Attachment Attachment

This document pretains to SES-T/C-20140122-00047 for Transfer of Control on a Satellite Earth Station filing.

IBFS_SESTC2014012200047_1033320

                                                                       Global Digital Media Xchange Inc.
                                                                                       FRN: 0008028789
                                                                                        January 22, 2014
                                                                                          FCC Form 312

                                DESCRIPTION OF TRANSACTION

This notification informs the FCC that, on December 31, 2013, a pro forma transfer of control of Global
Digital Media Xchange Inc. occurred. The pro forma transfer of control resulted from the conversion of
one of its controlling corporate parents, Warner Communications Inc. (“WCI”), from a corporation to a
limited liability company. This change in control was pro forma because at all times WCI, WCI’s
successor form of entity, Warner Communications LLC (“WC LLC”), and Global Digital Media
Xchange Inc. remained under the ultimate 100 percent ownership and control of Time Warner Inc.
(“TWI”), and Global Digital Media Xchange Inc., WCI, and the new form of legal entity into which it
converted, WC LLC, have the same ownership, assets, and liabilities.1 The complete circumstances of
this internal reorganization are briefly set forth below.

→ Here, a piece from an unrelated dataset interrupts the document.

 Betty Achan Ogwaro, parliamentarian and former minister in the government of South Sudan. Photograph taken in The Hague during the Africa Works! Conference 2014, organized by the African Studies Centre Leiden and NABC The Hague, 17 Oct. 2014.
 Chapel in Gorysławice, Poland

Prior to the transaction, Global Digital Media Xchange Inc. was an indirect, wholly-owned subsidiary of
WCI, a corporation organized under the laws of Delaware. As shown in the attached organizational
diagram, WCI was a wholly-owned subsidiary of Historic TW Inc. (“HTW”). HTW is directly
majority-owned and controlled by Time Warner Inc (“TWI”), and TWI indirectly owns the remaining
equity of HTW. WCI directly held shares of HTW, and Turner Broadcasting System, Inc. (“TBS”)
directly holds shares of HTW, but WCI did not control HTW, and TBS does not control HTW. WCI
was, and TBS is, an indirect, wholly-owned subsidiary of TWI.

On December 31, 2013, WCI was converted to a limited liability company organized under the laws of
Delaware and became WC LLC. After that conversion was completed, WC LLC distributed the shares
of HTW that it held to HTW. The distribution of the shares of HTW held by WC LLC to HTW
increased the direct ownership of HTW held by TWI, but the ownership of HTW distributed by WC
LLC was not a controlling interest in HTW; rather, the controlling interest (and ultimate 100 percent
equity ownership) of HTW at all times in this process has been held by TWI. Hence, no transfer of
control occurred as a result of WC LLC’s distribution of HTW shares to HTW.

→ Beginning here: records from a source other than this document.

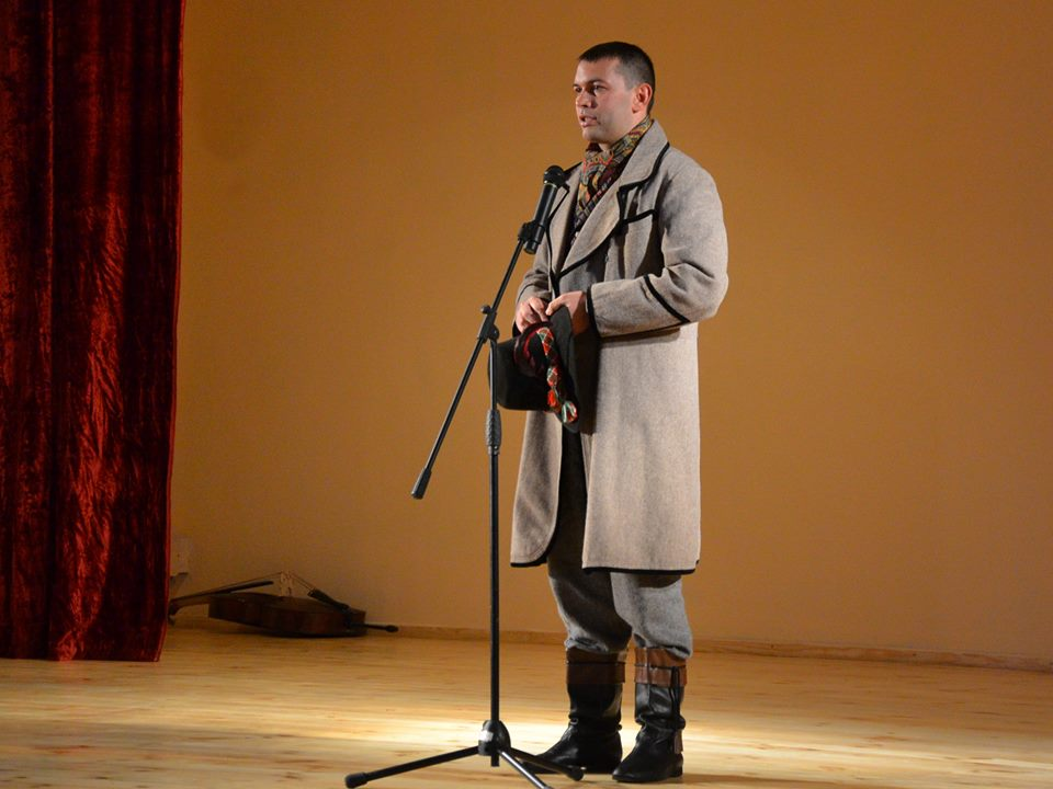 Remigijus Osauskas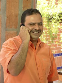 Oscar de Jesús Suárez Mira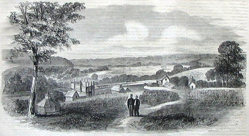 Dover Mills, on the James River and Kanawha Canal, Virginia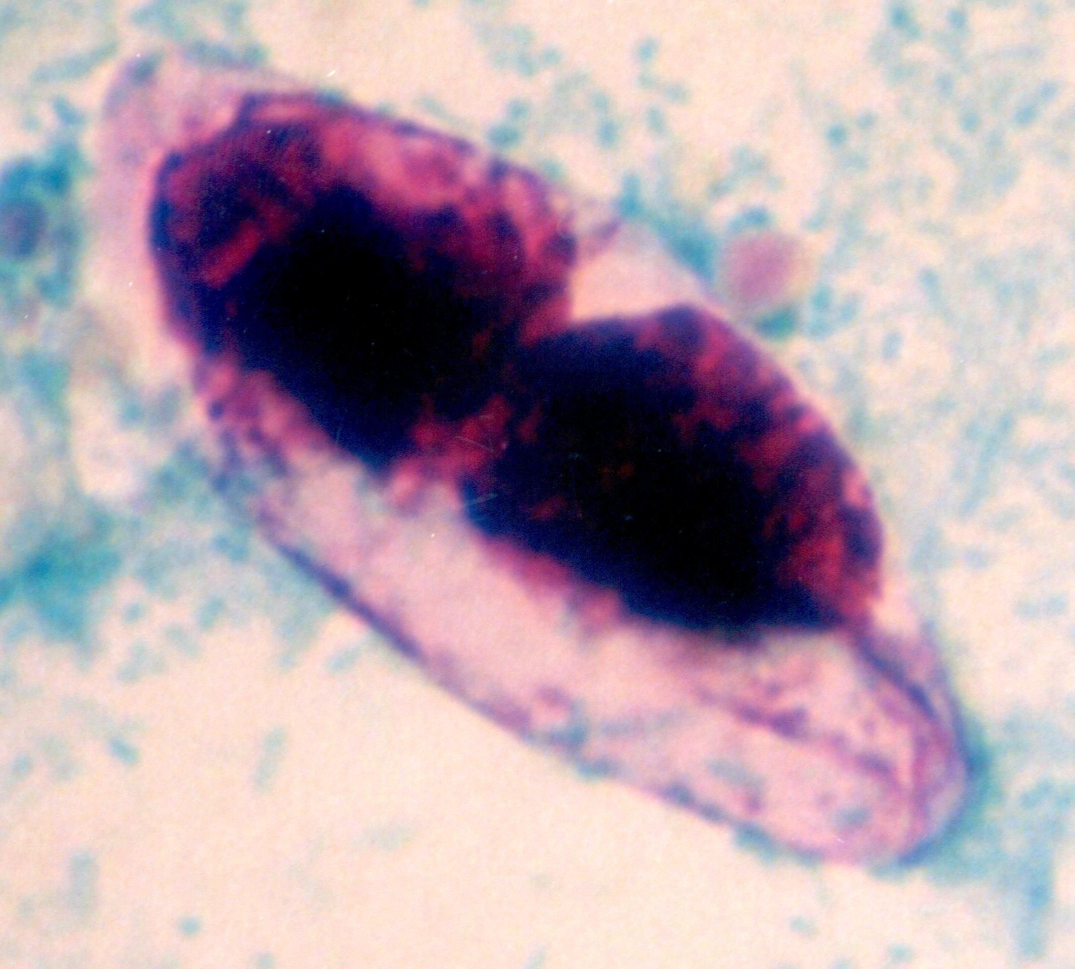 Oocit of Isospora belli, a coccidian protozoan, mammal parasite, belonging to the phylum Apicomplexa.

Note: The pro forma transfer of control that is the subject of this notification was approved by the FCC
with respect to the following transmit/receive earth stations: call sign E130074, File No. SES-T/C-
20131205-01174 (granted December 12, 2013) and call sign E040137, File No. SES-T/C-20131205-
01189 (granted December 16, 2013).




1
        See In re FCBA’s Petition for Forbearance from Section 310(d) of the Communications Act
Regarding Non-Substantial Assignments of Wireless Licenses and Transfers of Control Involving
Telecommunications Carriers, 13 FCC Rcd 6293, ¶ 8 (1998) (pro forma transactions include those
involving a “corporate reorganization which involves no substantial change in the beneficial ownership
of the corporation”).


                      Pre-Transaction Structure




                              Time Warner
                                  Inc.




                         83.26%




                          Historic TW Inc.


                                                          10.23%
6.51%
            100%                             100%




        Turner Broadcasting             Warner
           System, Inc.             Communications Inc.

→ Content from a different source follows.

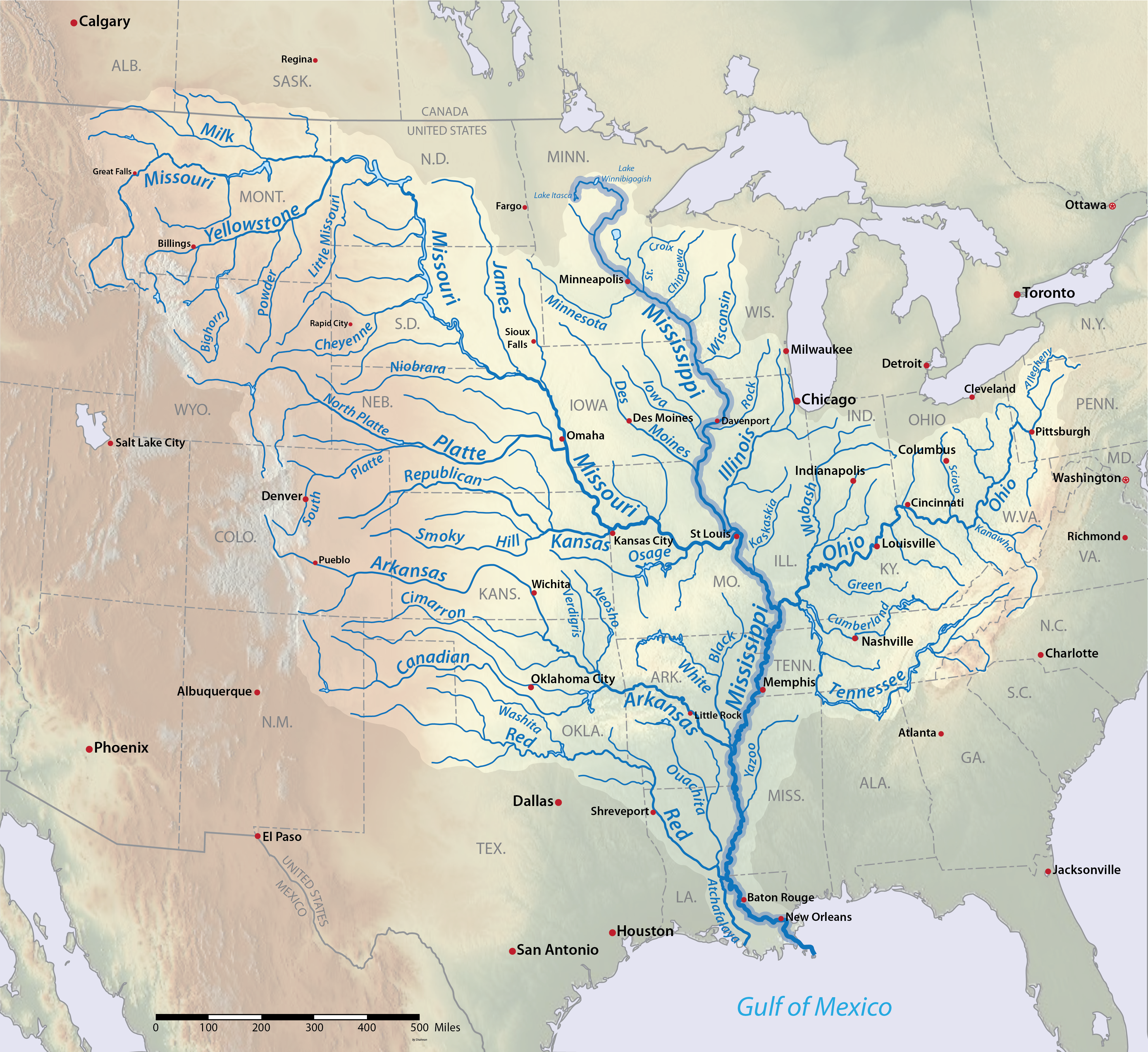 A more accurate Map of the Mississippi River Basin, intended to replace File:Mississippirivermapnew.jpg. Made using USGS data.

                                                  100%


                                      Warner Bros.
                                    Entertainment Inc.




                                                  100%


                                      Warner Bros.
                                     Enterprises LLC




                                                  100%

                                      Warner Bros.
                                       Technical
                                     Operations Inc.



                                                  100%

                                   Global Digital Media
                                      Xchange Inc.


                      Post-Transaction Structure




                              Time Warner
                                  Inc.



                       92.75%




                           Historic TW Inc.



7.25%
               100%
                                              100%




        Turner Broadcasting             Warner
           System, Inc.             Communications LLC




                                                   100%



                                       Warner Bros.
                                     Entertainment Inc.




                                                   100%




                                       Warner Bros.
                                      Enterprises LLC




                                                   100%



                                       Warner Bros
                                        Technical
                                      Operations Inc.




                                                   100%



                                    Global Digital Media
                                       Xchange Inc.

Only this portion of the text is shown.